Sebastien's heart became so heavy with grief and dismay that it forced him onto his knees. He stared into the crystal, and as Clementine's blue eyes shimmered, a tear trickled down his face.
He was never going to get Clementine back—not in the way he wanted. This was the best he was ever going to get, wasn't it? He shouldn't have let his desperation rule him. He should have been as specific as one could be. But he hadn't, and now he'd signed over his life for nothing.
Nothing.
But the crystal then shimmered. Something flickered through it, and Clementine's face disappeared.
"No," Sebastien breathed, moving the crystal closer to his face. "No! This isn't what I asked for!" he yelled, looking up at the sky as it rumbled. "You can't do this!"
Thunder groaned through the dark night sky, and as the grey clouds parted, rain started falling.

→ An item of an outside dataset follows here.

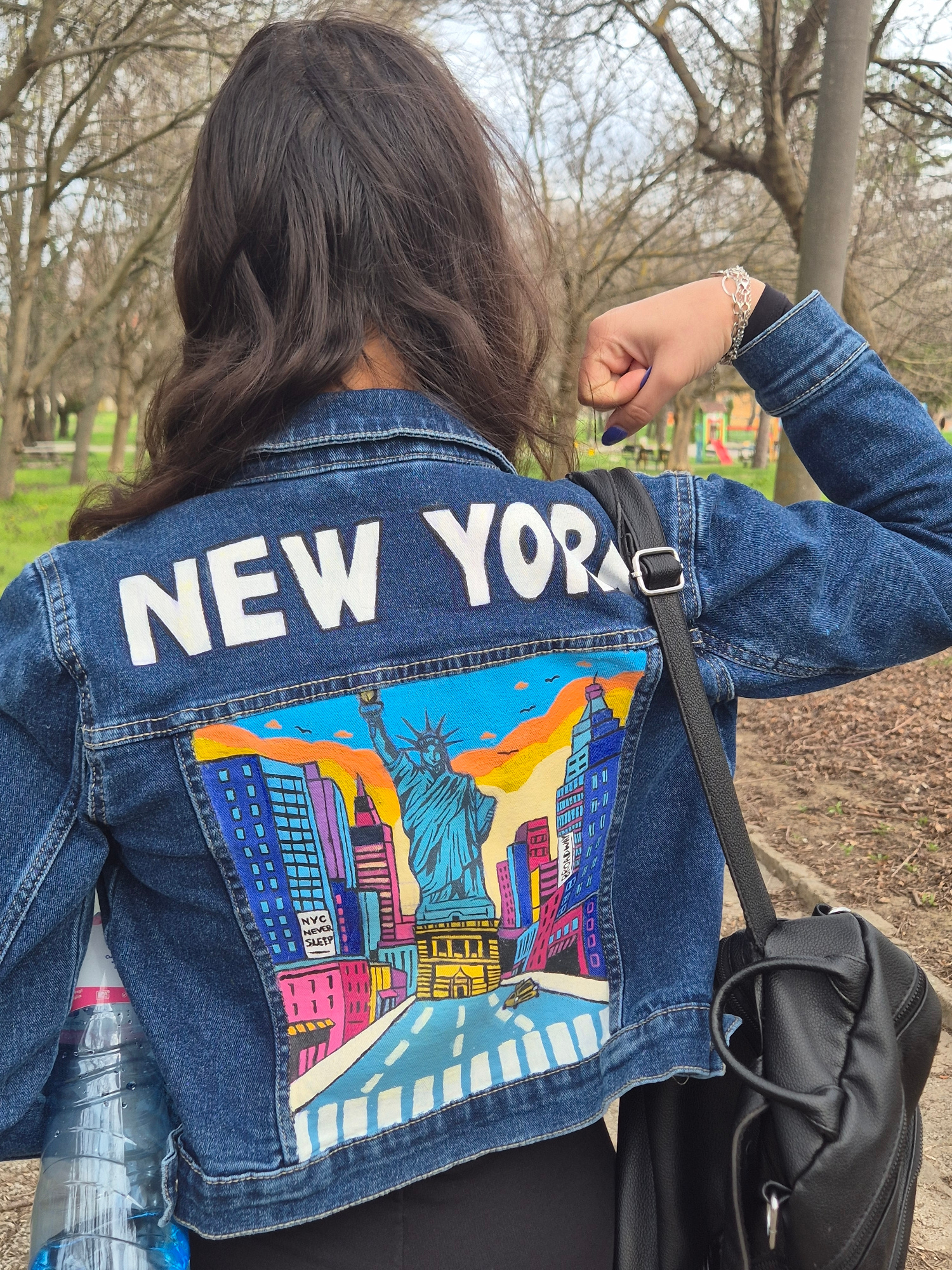 A person wearing a denim jacket with "NEW YORK" printed vertically on the left side and a colorful illustration of New York City landmarks on the back is standing in a park. The statue of liberty is v…read more

"You can't...do this," he cried, looking down at the crystal again. "I was supposed to get him back."
The crystal pulsed in his hand.
Lightning lit up the cemetery.
And as the crystal shifted in his hand, its pointed tip pointed to Sebastien's left.
Sebastien frowned through his tears.
Suddenly, the crystal flew out of his hands and shot towards the forest.
"Wait!" he yelled as he scrambled to his feet and chased after it.
The crystal moved through the air like a bullet; it cut through every tree in its way, and it quickly got too fast for Sebastien to follow like this.
He morphed into his kludde form, and that was when the crystal swerved upwards. Sebastien stretched out his wings and took off, following the crystal through the rain.
At first, he didn't know where it was going, but when he recognized the land below...his dismay-riddled heart beat a little faster, and he felt what might be hope.
The ground beneath him was Aldergrove. He could see the academy in the far distance. And the crystal...was heading towards the graveyard where he'd lost the love of his life.